В феврале 1897 года английский экспедиционный отряд подверг осаде город. Его жители упорно защищались, но не смогли устоять перед карателями, имевшими лучшее оружие. Англичане подожгли Бенин, ворвались во дворец обы и начали грабить сокровища: сорвали со стен бронзовые барельефы, из алтарей похитили ритуальные маски усопших царей, изделия из слоновой кости… В руки колонизаторов попало более двух с половиной тысяч художественных реликвий, которые были переправлены затем в Европу. — Да еще каких! — насупился Нгале Агвара. — Один бронзовый флейтист чего стоит. На аукционе в Лондоне его продали за сто восемьдесят тысяч фунтов стерлингов… До самых последних слов Нгале Агвара во мне теплилась надежда, что еще шаг-другой — и мы наконец подойдем к полке с «музыкантом». Вот тебе и «свет не клином сошелся». Макети Зуру развел руками, вздохнул, сочувствуя мне… Все же я увидел бронзового флейтиста. Месяцев через пять Макети Зуру заехал ко мне домой. Напустив на себя таинственный вид, он предложил заглянуть в одно интересное место в Лагосе. Я согласился, и минут через десять мы вошли в… национальный музей. Это был тот и не тот музей. То же серое двухэтажное здание в парке, те же застекленные витрины. И одновременно — все иное. В экспозиционных залах полно людей, в витринах — терракотовые маски «культуры Нок», бронза Ифе, Бенина…
— Как вам удалось заполучить все эти шедевры? Ведь тут раньше ничего не было, хоть шаром покати.

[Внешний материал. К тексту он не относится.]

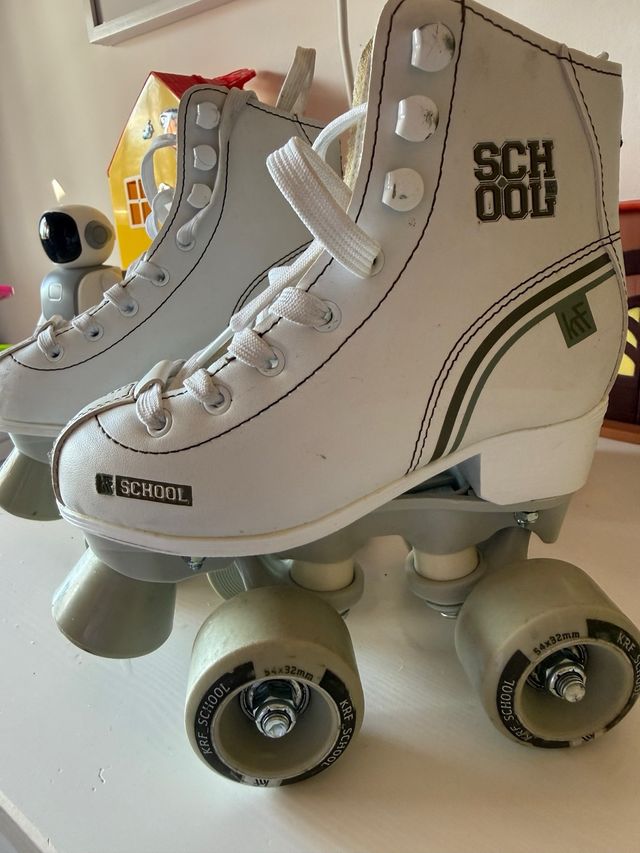 Patines de la marca School en color blanco. Diseñados para patinaje. - Diseño alto tipo bota. - Cordones blancos. - Ruedas de 54x32mm.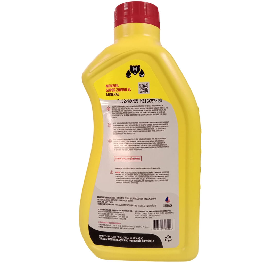 Óleo Mineral para Motor Super 20W50 1L - Menzoil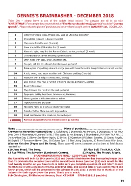 DENNIS’S BRAINBASHER - DECEMBER 2018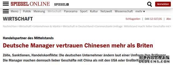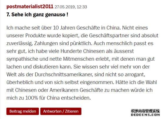 最后,在德國《明鏡》周刊的論壇上,許多留言者也對這一調查結果表示認同。一位稱自己在中國從商10年的網民就留言說,中國人對于世界的認知比美國人要好,也不像美國人那么傲慢和自我,確實是可靠的貿易伙伴。另一位網民則表示比起中國來說,美國確實對德國企業來說不太靠譜,總讓德國企業感到不舒服。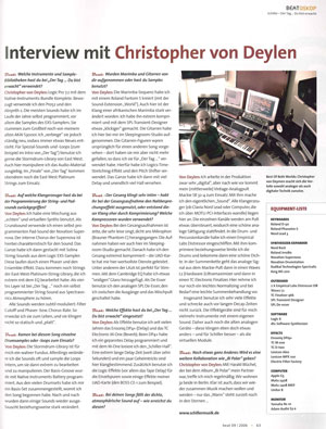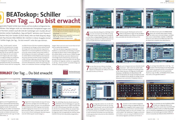 Beat, das Magazin für Musikproduktion, Ausgabe 09 / 2006 In dem vierseitigen Bericht wird Schiller's "Der Tag ... Du bist erwacht" produktionstechnisch beleuchtet, außerdem gibt es ein Interview mit C. von Deylen über seine Arbeitsweise und die von ihm verwendete Hard- und Software.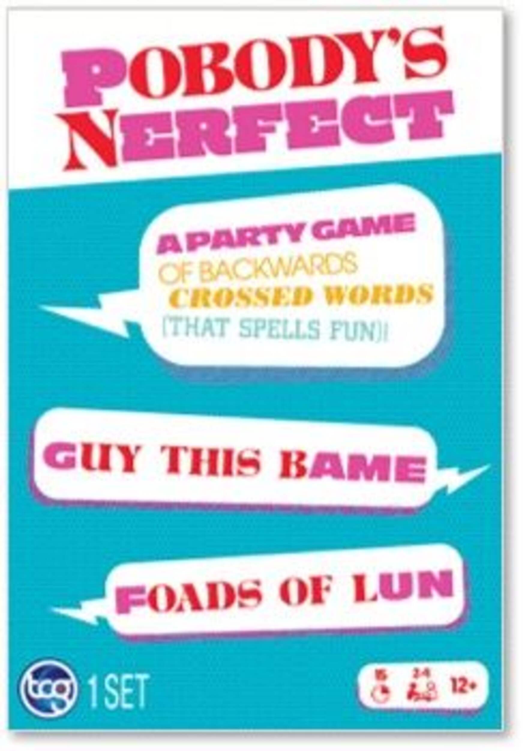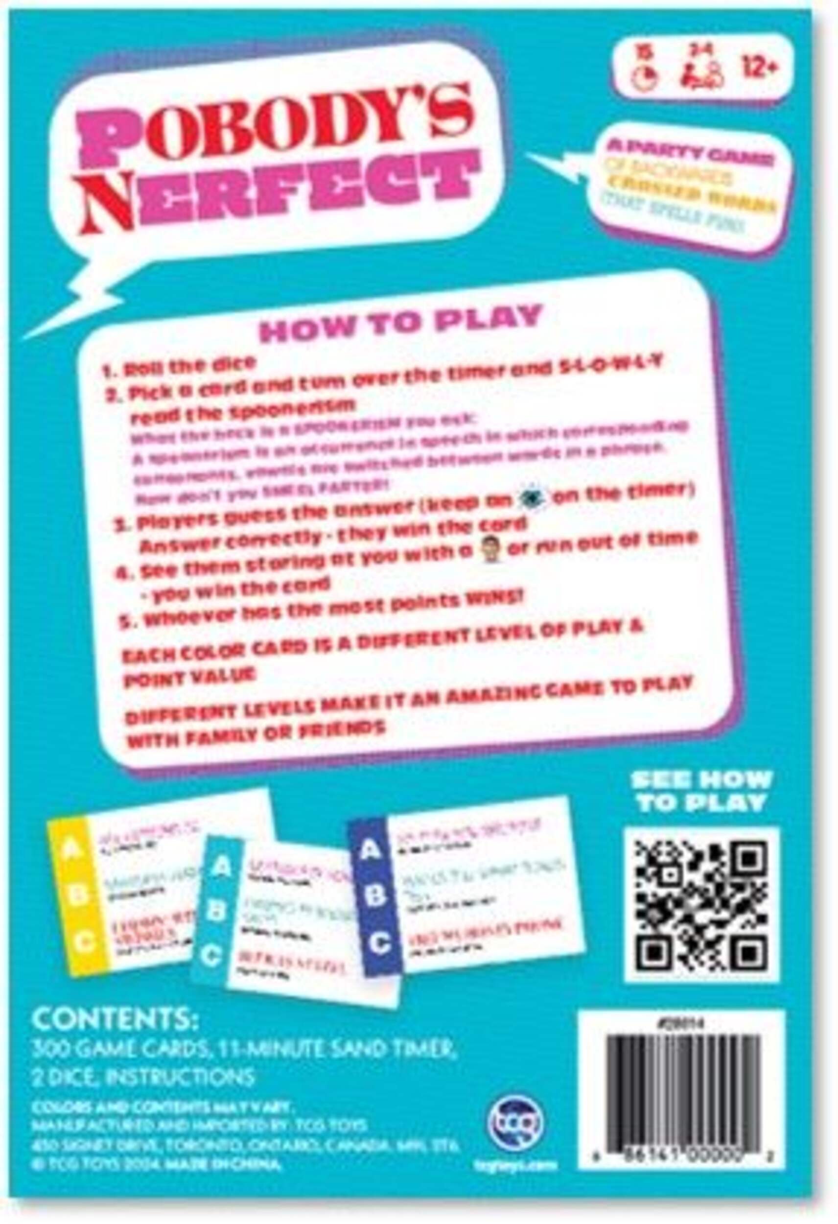 PoBody's Nerfect is a hilarious party game for ages 8 and up where players decode jumbled words and phrases—known as PoNos (short for "Spoonerisms"). These are intentionally scrambled phrases that sound amusing when spoken aloud. The objective is to correctly identify the original phrase before the timer runs out and earn the most points! PoBody's Nerfect combines wordplay, quick thinking, and loads of laughs. It's a perfect game for family game nights or gatherings with friends. Simple enough for kids but challenging for adults, PoBody's Nerfect has players of all ages giggling as they race to decipher the PoNos.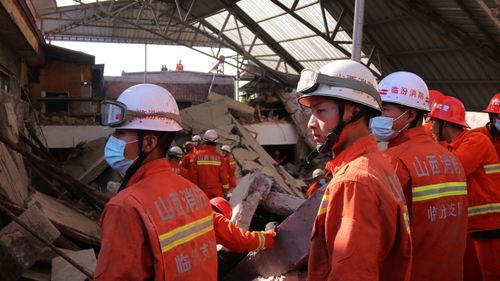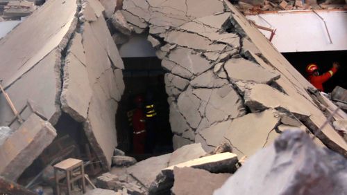 Video posted on social media by state broadcaster China Central Television showed them hefting heavy pieces of concrete. At least once, the remaining frame of the building shook but didn’t fall.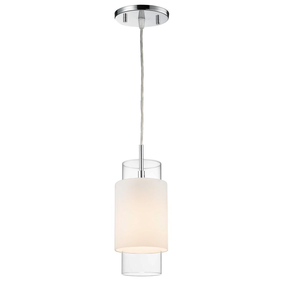Modern Mini-Pendant Light with White Outer & Clear Inner Glass & Polished Chrome Hardware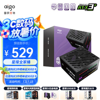 自营爱国者(aigo)星璨EV850W白金牌 黑 ATX3机箱电源 PPLP/80PLUS认证/一键超频/稳压5070Ti/9070XT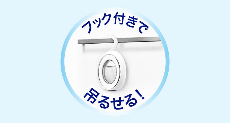 ・使用方法:1.パッケージから製品を取り出し、両方の親指で裏面の水色のボタンをしっかり押し込む。2.浴室内のシャンプーラックや窓枠など平らな安定した場所に置いて使用してください。3.タオルハンガーや物干し竿のように安定した状態で吊るすことができる場所に吊るしてご使用ください。香料が裏側の浸透膜に浸透するため、ボタンがしっかり押されると液面が下がります。香りは徐々に広がる。<1分たっても香りがしない場合>水色のボタンを再度しっかり押す。使用状況により少量の香料が残ることがありますが、香りが弱くなったら、取り換えてください。フックの取り付け方:フックの下部にある楕円と、製品の裏側に開いている楕円の穴(上部の真中)の形が合うように重ね、カチッと音がするまで押し込み、フックが製品の裏側に、完全に装着されたことを確認する。※高温の空気が直接かかるような場所には(浴室乾燥機など)、製品を吊るさないでください。 製品の持続性やフックの品質に影響を及ぼす場合があります。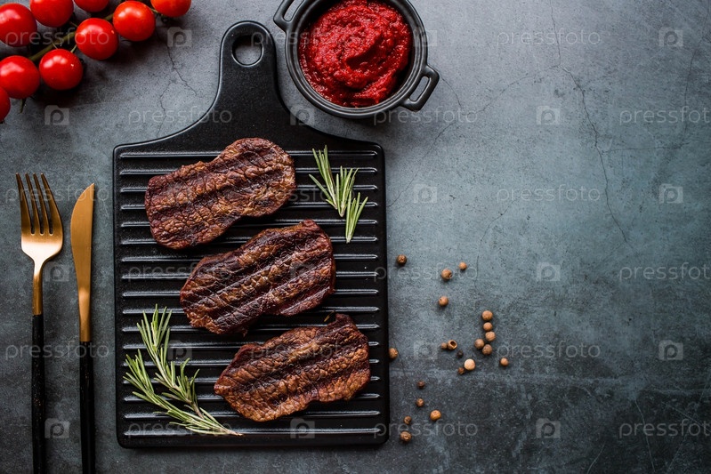 Свежее мясо. Жареные стейки из говядины с розмарином, специями и томатной пастой на стильной доске. Плоский вид сверху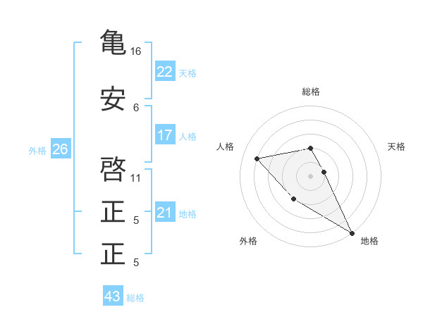 亀安 啓正正さんを姓名の画数から五運を鑑定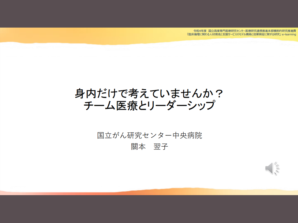 • 身内だけで考えていませんか? チーム医療とリーダーシップ《講師:關本 翌子》
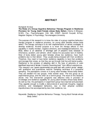 "The purpose of this research is to know the roles of a group cognitive behaviour therapy program in resilience provision, for young adult females whose body defect. The therapy technique to do with implementation of eleven strategies to develop resilience. Another purpose is to know the therapy effects to their capability in modify mindset, negative emotions, and maladapted behaviors, too. Body defect is an absence or shortage part of people’s body because of inheritance, accident, and ailment, which makes the accusative lack of mobility. Most of body defect young adult females whose low resilience, have much problems due to their defect. They usually being stressed with their conditions. Therefore, they need to have better resilience capability to face their problems and manage their stress, so that they can go through their live with better quality.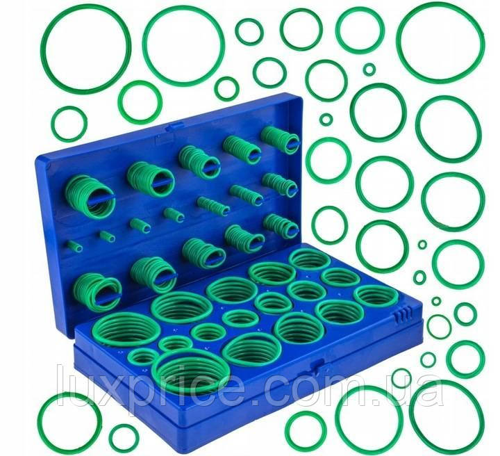 Набір ущільнювальних кілець (O-ring) для обслуговування та ремонту автомобільних систем кондиціонування. У комплекті 419 кілець різних розмірів, упакованих у зручний пластиковий органайзер.

— Собирали по крупицам. Кое-что раздобыли у себя: часть экспонатов из своих фондов выделили музеи Джоса и Ифе. С ними легко было договориться. Загвоздка получилась с Бенином. С них чего спросишь: все равно что кусок хлеба у нищего из рук вырывать. Решили обратиться к западным музеям. Попросили вернуть хотя бы часть бенинских масок, что были вывезены из страны. Кстати, флейтист наш нашелся.
— Разве? Я уже потерял всякую надежду его увидеть.
— Нашелся! — повторил Макети Зуру. — В Париже, в Музее человека. Как он туда попал, не знаем. Может, меценат какой подарил.
Макети Зуру протянул мне толстый каталог с закладкой, который все это время не выпускал из рук. Я раскрыл отмеченную страницу с фотографией.
Безымянный ваятель (литейщикам при дворе обы запрещалось ставить на отливке свое имя) создавал скульптуру, несомненно, в порыве вдохновения. Видимо, наскучило работать по указке эгаево. Первое, что бросилось в глаза, — это ее исключительная красота, невероятное совершенство. Выполненный в рост, бронзовый флейтист как бы сжался, однако казалось, что в нем пробуждается желание свободно вытянуться, распрямиться в пространстве. В великолепной, расшитой узорами одежде, с двумя нитками коралловых бус на шее, музыкант держал у припухших губ флейту. Волшебство изображения было настолько захватывающим, что чудилось: еще мгновение — и зал наполнится нежной мелодией.